Die Landesregierung hatte am Vormittag den Entwurf jenes Teils des Mobilitätsgesetzes beschlossen, in dem es um Wirtschaftsverkehr geht. Der sollte eigentlich zusammen mit dem Abschnitt „Neue Mobilität“ schon im Mai im ­Abgeordnetenhaus Thema sein. Schreiners Verwaltung zog den Entwurf jedoch kurzfristig zurück – wegen Änderungsbedarf.

Der neue Entwurf beschränkt sich auf den Wirtschaftsverkehr – etwa Lieferverkehr und Müllabfuhr – und ist weitgehend unverändert.

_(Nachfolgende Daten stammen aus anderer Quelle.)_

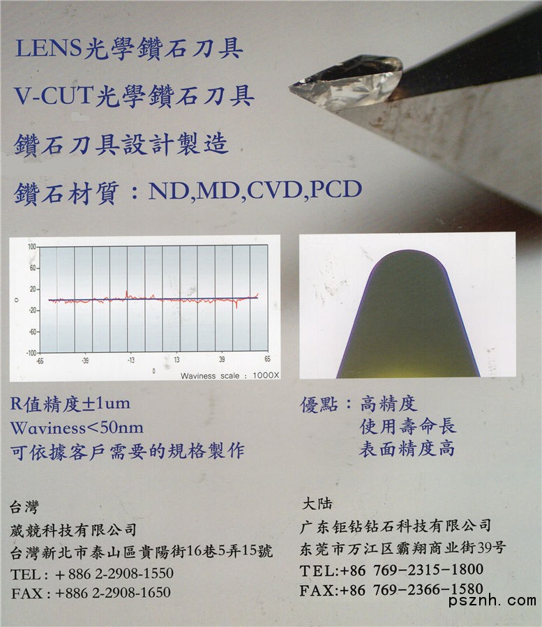 廣東鉅鉆鉆石科技有限公司.主要生產(chǎn):LENS光學(xué)鉆石刀具、V-CUT光學(xué)鉆石刀具、及維修各種單晶刀具。

Laut Schreiner war es allein der nun fehlende Abschnitt zu neuer Mobilität, mit dem sie Probleme hatte. „Die anderen Teile des Gesetzes werden wir uns im Herbst anschauen“, kündigt sie an. Dort sei teils „apodiktisch“ festgelegt, dass die Verkehrswende auf Kosten des Autoverkehrs geht.

Wegner reagierte mit seinen Äußerungen auf die Frage, ob Schreiners Vorgehen – aus ihrer Sicht eine noch zwei bis drei Wochen dauernde Überprüfung, aus Sicht von Kritikern ein Stopp von Radprojekten – nun für einen Kurswechsel stehe. Rot-Grün-Rot sei abgewählt, es regiere nun Schwarz-Rot. „Selbstverständlich gibt es in vielen Bereichen dieser Stadt einen Kurswechsel“, sagte er.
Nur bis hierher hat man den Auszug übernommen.